Identification of a novel polysaccharide in land plants and synthesis by members of the cellulose synthase-like F gene family

Little A1, Lahnstein J1, Jeffery DW2, Khor SF1, Schwerdt JG1, Shirley NJ1, Hooi M3, Xing X1,3, Burton RA1 and Bulone V1,3

  1. ARC Centre of Excellence in Plant Cell Walls, School of Agriculture, Food and Wine, University of Adelaide, Waite Campus, Glen Osmond, SA 5064, Australia.
  2. School of Agriculture, Food and Wine, University of Adelaide, Waite Campus, Glen Osmond, SA 5064, Australia.
  3. Adelaide Glycomics, School of Agriculture, Food and Wine, University of Adelaide, Waite Campus, Glen Osmond, SA 5064, Australia.

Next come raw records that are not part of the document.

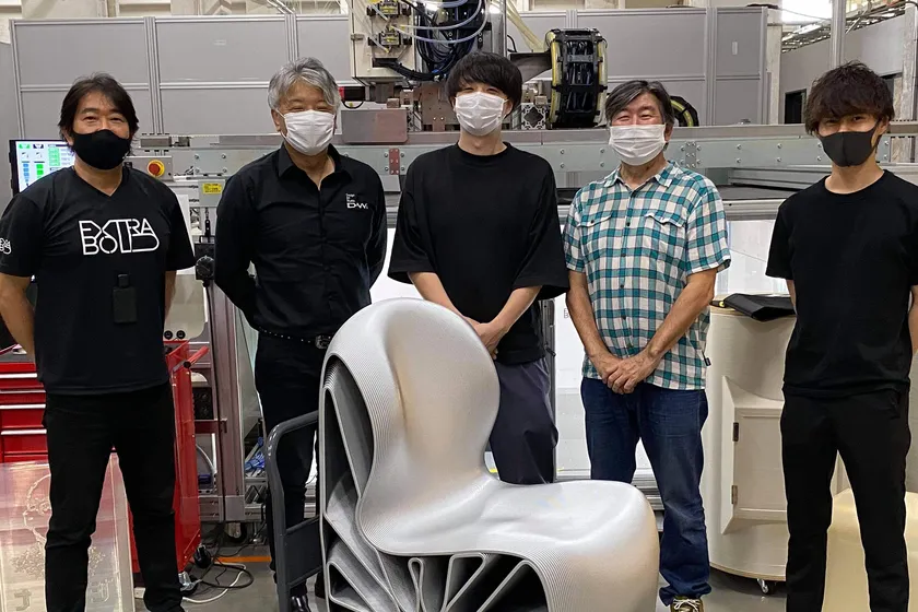 再会した北畠から「自分用のレーシングゲームフレームを作りたいのだけど、デザイン頼めますか?」と相談を持ち掛けられた水野は「面白そうですね、是非やらせてください!」と即答したのでした。しかし、北畠の望む世界観は困難なものでした。クルマのボディラインのように美しくハイライトが揺らぐフレームを望んでいたのです。それは正にクルマそのものを作り出すようなリクエストでもありました。水野は「コストを掛ければシミュレーターのようなボディのある機台は作れるが、それでは既に存在しているし斬新さは無い。北畠さんが望んでいるのは、彼の持つ世界観を僕のアイデアで解決して欲しいということだ。」と考え悩みました。美しさだけを追求しても、作れないアイデアでは期待に応えたことにならないからです。プロダクトデザインとは作ることまでを完成としてアイデアを練ることにあるのです。「やるからには、誰もが驚くオモシロイものを生み出したい!」と頭を巡らせていた水野は、ある記事と出会いました。純国産の大型3Dプリンタの記事でした。「これだ!」と閃いた水野は、早々にアポイントを取り付け、2021年10月に北畠と共に3Dプリンタ開発元の株式会社ExtraBold(所在地:東京都豊島区、代表取締役:原 雄司)を訪ねたのです。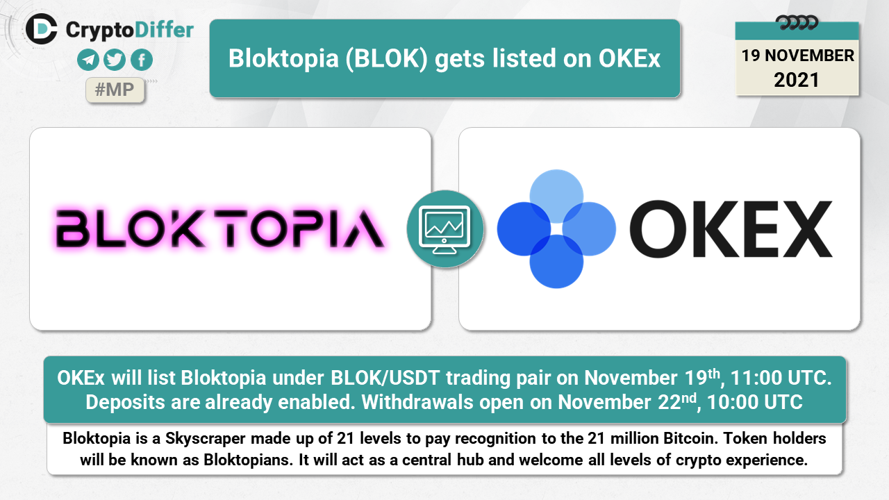 OKEx will list Bloktopia under BLOK/USDT trading pair on November 19th, 11:00 UTC. Deposits are already enabled. Withdrawals open on November 22nd, 10:00 UTC.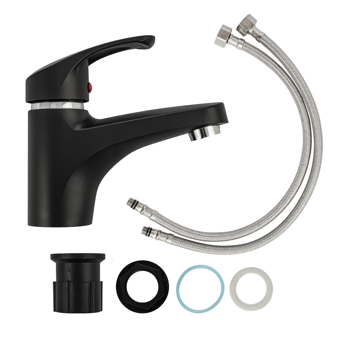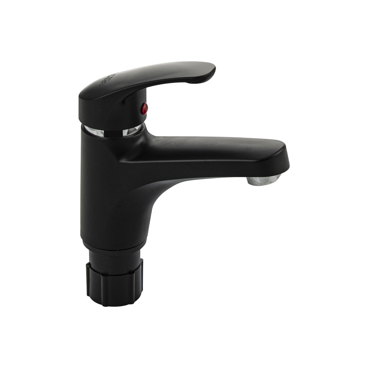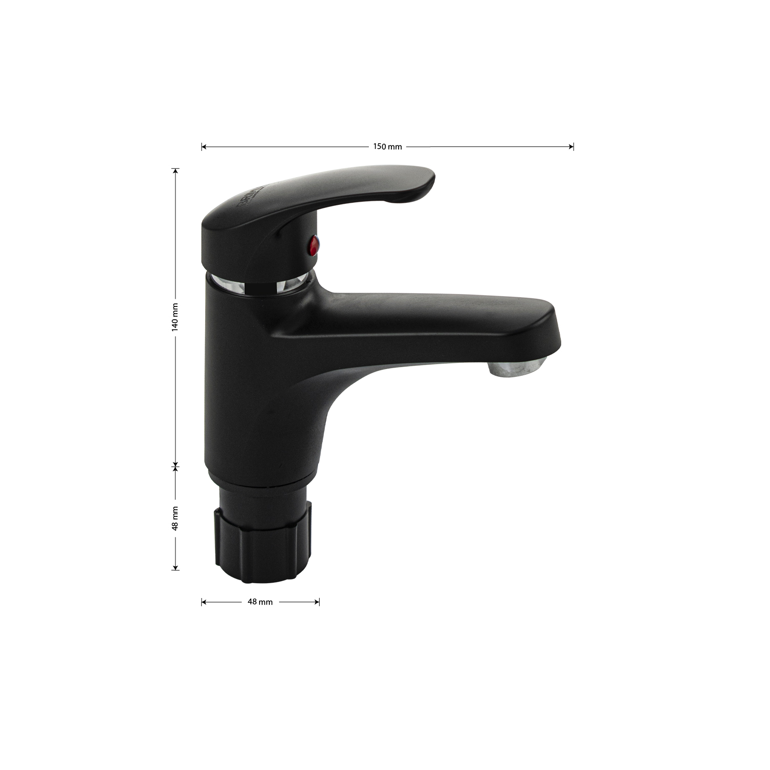 Смеситель для раковины, из высокопрочного пластика АБС, ЧЕРНЫЙ с коротким изливом, литой корпус, литая ручка, шаровый. Крепление резьба - гайка, картридж d = 40 мм. хромированный аэратор для экономии воды. Габаритные размеры: высота 140 мм, длина 150 мм, длина, диаметр посадочного седла 48 мм, длина резьбы 48 мм, длина подводки 450 мм. Вес - 0.62 кг, объём - 0.0995 м3. В комплекте паспорт, корпус, пластиковая подводка с латунными штуцерами 1/2, крепеж, набор прокладок.
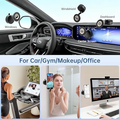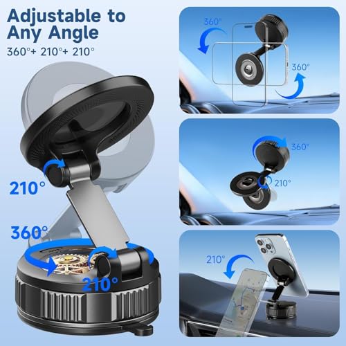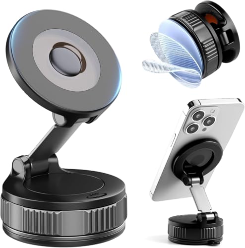 Generic - حامل جوال مغناطيسي بتفريغ الهواء، قاعدة تثبيت بالشفط قابلة للتعديل 360 درجة للسيارة/صالة الالعاب الرياضية/الاستحمام/المكتب، حامل جوال للسيارة للوحة العدادات والزجاج الامامي متوافق مع ايفون 17 16 15 14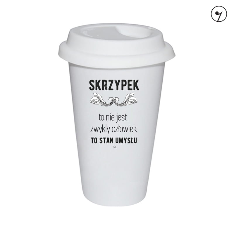 Kubki typu tumbler posiadają podwójną ściankę zapewniającą doskonałą izolację termiczną napojów, zarówno gorących jak i zimnych. Kubek wyposażony jest w wieczko zapobiegające rozlewaniu się napoju np. w samochodzie. Wzór: Skrzypce - Skrzypek - Stan umysłu.

As a significant component of monocot cell walls, (1,3;1,4)-β-glucan has conclusively been shown to be synthesised by the cellulose synthase-like F6 protein. In this study, we investigated the synthetic activity of other members of the barley CslF gene family using heterologous expression. As expected, the majority of the genes encode proteins that are capable of synthesising detectable levels of (1,3;1,4)-β-glucan, however, overexpression of HvCslF3 and HvCslF10 genes resulted in the synthesis of a novel polysaccharide. A simple diagnostic assay has been developed and the polysaccharide has been biochemically characterised. To demonstrate that this product was not an aberration of the heterologous system, the characteristic polysaccharide linkages were confirmed to be present in wild type barley tissues known to contain HvCslF3 and HvCslF10 transcripts. The finding of this linkage in land plants has significant implications for defining the cell wall content of many crop species and challenges the concept that members of a single Csl family possess the same carbohydrate synthetic activity.